A gaussian sum-rule analysis of scalar glueballs

Although marginally more complicated than the traditional Laplace sum-rules, gaussian sumrules have the advantage of being able to probe excited and ground states with similar sensitivity. Gaussian sum-rule analysis techniques are applied to the problematic scalar glueball channel to determine masses, widths and relative resonance strengths of low-lying scalar glueball states contributing to the hadronic spectral function. A feature of our analysis is the inclusion of instanton contributions to the scalar gluonic correlation function. Compared with the next-to-leading gaussian sum-rule, the analysis of the lowest-weighted sum-rule (which contains a large scale-independent contribution from the low energy theorem) is shown to be unreliable because of instability under QCD uncertainties.

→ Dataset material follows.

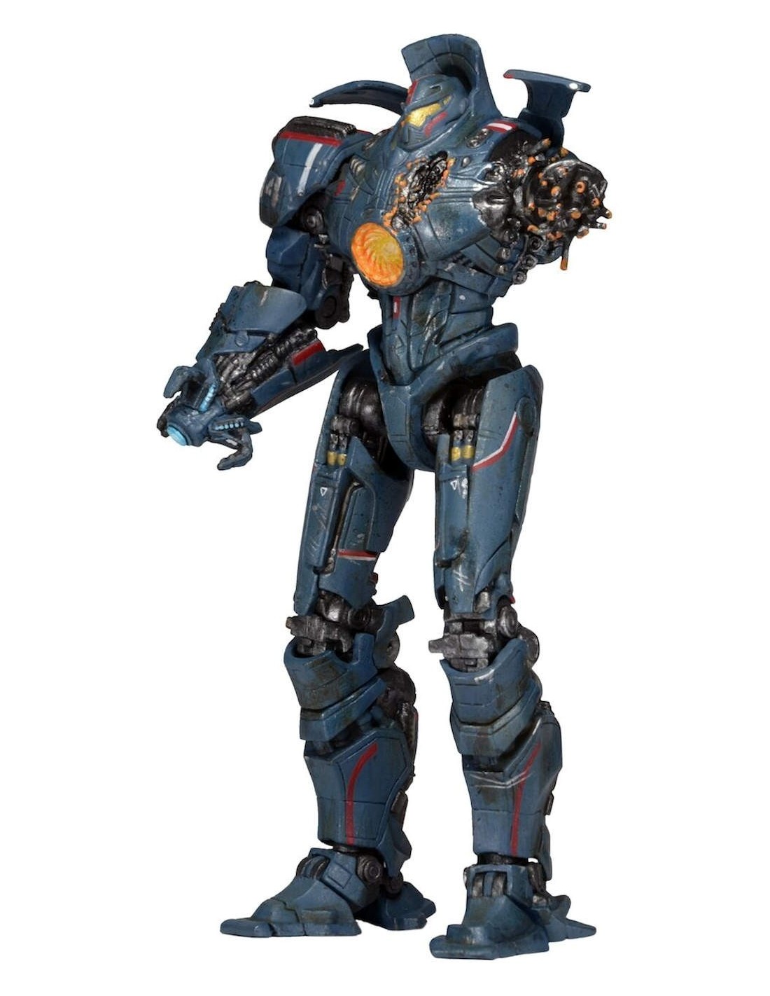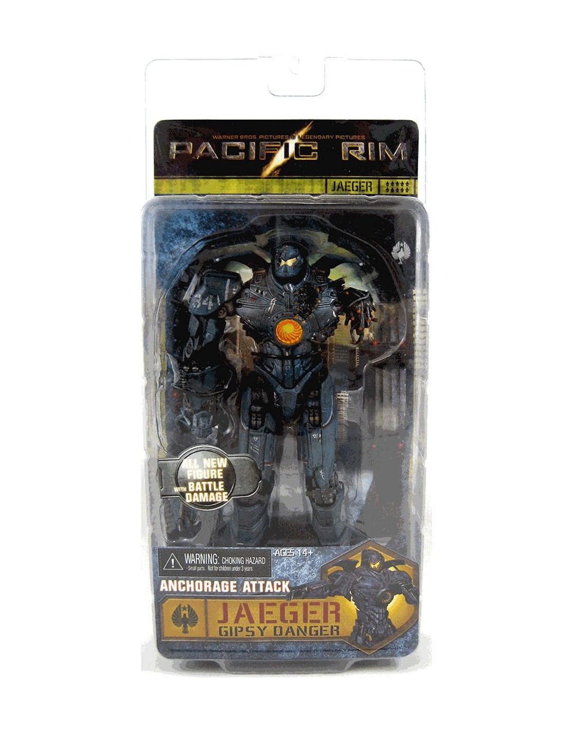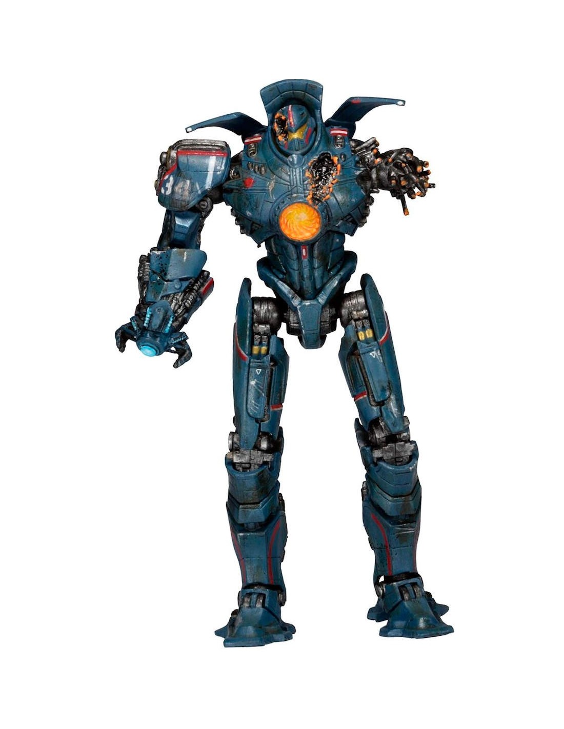 Anchorage Attack Gipsy Danger features battle damage from its fight with Knifehead at the beginning of the movie, and uses new, unique tooling not seen on any previous Gipsy Danger release. It comes with an interchangeable right forearm that lets you switch between plasma gun and normal hand.

However, the presence of instanton effects leads to approximately consistent mass scales in the lowest weighted and next-lowest weighted sum-rules. The analysis of the next-to-leading sum-rule demonstrates that a single narrow resonance model does not provide an adequate description of the hadronic spectral function. Consequently, we consider a wide variety of phenomenological models which distribute resonance strength over a broad region -some of which lead to excellent agreement between the theoretical prediction and phenomenological models. Including QCD uncertainties, our results indicate that the hadronic contributions to the spectral function stem from a pair of resonances with masses in the range 0.8-1.6 GeV, with the lighter of the two potentially having a large width.